Records excerpted from a collection
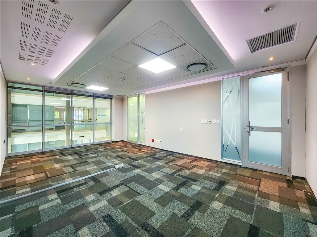 This modern office space for rent in Design Quarter combines functionality with an aesthetic appeal. The office space greets you with a striking triple-volume entrance foyer, followed by convenient access to elevators and stairs. Inside, the layout opens to a generous reception area that leads into a large, light-filled open-plan office, surrounded by windows that let natural light flow throughout. Multiple private offices are strategically positioned, along with a spacious boardroom that comfortably accommodates a 16-seater setup. The office enjoys a private dedicated kitchen and a private canteen with various seating options, perfect for team breaks and informal meetings.
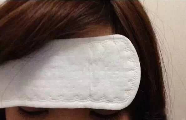 户外野营时突然发烧怎么办!可以用冷水浸湿卫生棉,贴在额头上有降温功效哦。
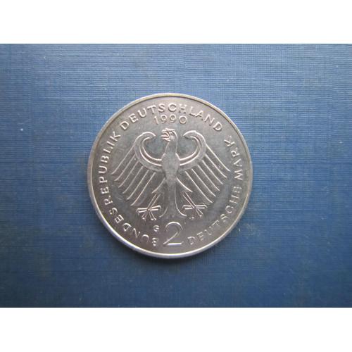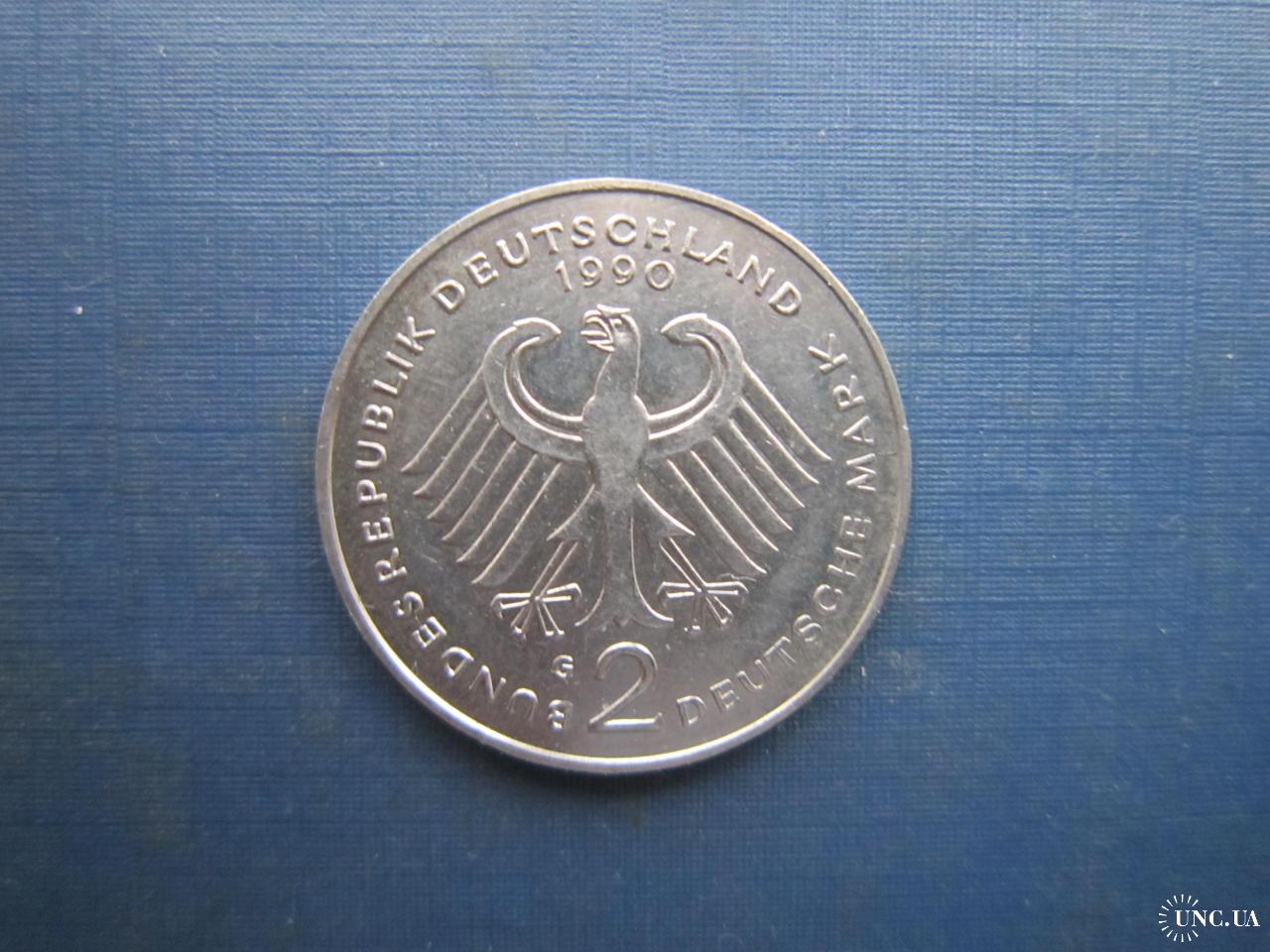Монета 2 марки Німеччина ФРН 1990 G Франц Йозеф Штраус
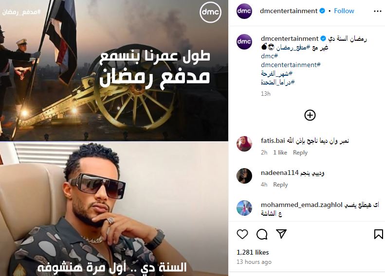 في نفس السياق كان النجم محمد رمضان قد شوق جمهوره بفيديو على موقع التواصل الاجتماعى إنستجرام، وعلق قائلا: "وأنت قاعد بتفطر هتبقى جايب قناة دى إم سى استنى مدفع رمضان بعد الأذان على طول، وباختصار شديد أنا ما ليش تقليد".
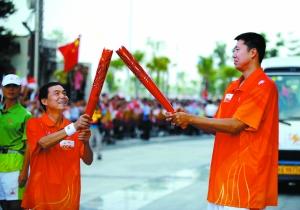 男篮老队长王治郅(右)在交接火炬。昨日,广州亚运会火炬传递活动在惠州举行。 新华社记者 刘大伟 摄

» **Task**
All records are to be reproduced exactly; the pictures are to be omitted.

» **Task response**
 This modern office space for rent in Design Quarter combines functionality with an aesthetic appeal. The office space greets you with a striking triple-volume entrance foyer, followed by convenient access to elevators and stairs. Inside, the layout opens to a generous reception area that leads into a large, light-filled open-plan office, surrounded by windows that let natural light flow throughout. Multiple private offices are strategically positioned, along with a spacious boardroom that comfortably accommodates a 16-seater setup. The office enjoys a private dedicated kitchen and a private canteen with various seating options, perfect for team breaks and informal meetings.
 户外野营时突然发烧怎么办!可以用冷水浸湿卫生棉,贴在额头上有降温功效哦。
Монета 2 марки Німеччина ФРН 1990 G Франц Йозеф Штраус
 في نفس السياق كان النجم محمد رمضان قد شوق جمهوره بفيديو على موقع التواصل الاجتماعى إنستجرام، وعلق قائلا: "وأنت قاعد بتفطر هتبقى جايب قناة دى إم سى استنى مدفع رمضان بعد الأذان على طول، وباختصار شديد أنا ما ليش تقليد".
 男篮老队长王治郅(右)在交接火炬。昨日,广州亚运会火炬传递活动在惠州举行。 新华社记者 刘大伟 摄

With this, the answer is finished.